Having identified this founding principle, Socrates explains that each needy person will look around for a variety of people who each have a specific product he needs, and he will seek to induce them to help him. These are individuals who think and make decisions for themselves. Their actions build a network of mutual assistance with no central coordination. Such assistance requires considerable proximity, so they will live near one another, producing a “shared- settlement.” Like Weber and Mises, Socrates seeks to explain social phenomena, in this case cooperation, exchange, proximate habitation, and the formation of a city, by accounting for the experiences of individual decision makers.

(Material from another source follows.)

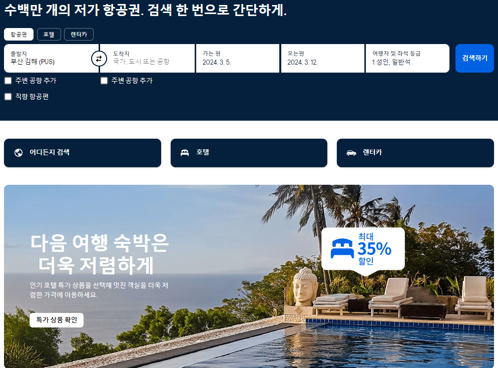2. 특가 및 저가 항공권 검색 : 스카이스캐너를 통해 모든 주요 항공사와 여행사의 저가 항공권을 비교하고, 원하는 목적지로 가는 최저가 비행기 표를 검색

Needy individuals do not “rescue” one another because they are generous, however; their own need motivates them to address others’ needs through exchange (Strauss 1978, 94; Hoffe 1997, 74; McKeen 2004, 84-85). Yet even here, Socrates does not refer simply to “exchange.” Instead, he carefully breaks down the exchange relationship into its four component decisions: Person A decides to give Product a to Person B, B decides to take a from A, B decides to give Product p to A, and A decides to take p from B. Each decision is motivated by an actor’s belief that the decision will contribute to a “better” outcome for himself than if he had not made that decision. In modern terms, rational actors engage in cost-benefit analyses in order to maximize their utility through trade. When both parties agree to the same set of four decisions—to a shared plan for exchange—they contract with one another and become “partners” (koinonoi) in fulfilling both of their needs.

This does not mean, however, that every actor, confronted by the scarcity of means at his disposal, can be understood to have a fixed set of specific, ranked, competing ends and to seek out only the particular means that will most satisfy those ends, as Lionel Robbins’s influential theory of the nature of economics would have it (Robbins 1932, 12-16, 23-24). In critiquing Robbins on this point, Israel M. Kirzner draws on the “Misesian notion of human action”:

The human-action concept, unlike that of allocation and economizing, does not confine the decision-maker (or the economic analysis of his decisions) to a framework of given ends and means. Human action, in the sense developed by Mises, involves courses of action taken by the human being “to remove uneasiness” and to make himself “better off’. . . . Human action treats both tasks—that of identifying the relevant ends-means framework and that of seeking efficiency with respect to it—as a single, integrated human activity. (Kirzner 2013, 26-27)

Socrates similarly identifies only the most general of goals toward which the citizens are pushed by their need: achieving a “better” condition and avoiding worse ones (369c), “being and living” (369d), and relative ease in productive work (370a, c). Citizens in Socrates’s city evaluate their actions and other goals with reference to these, and they seek and discover both new actions and new, more specific goals that would allow these most general goals to be achieved, as we will see in the following sections.

Let us also note that, by reducing exchange to its constituent parts, Socrates isolates what we would call the demand side and the supply side of any exchange. He draws attention to the fact that supply and demand are both variable and independently variable (at least at this level of analysis), conditional on the needs and decisions of individuals.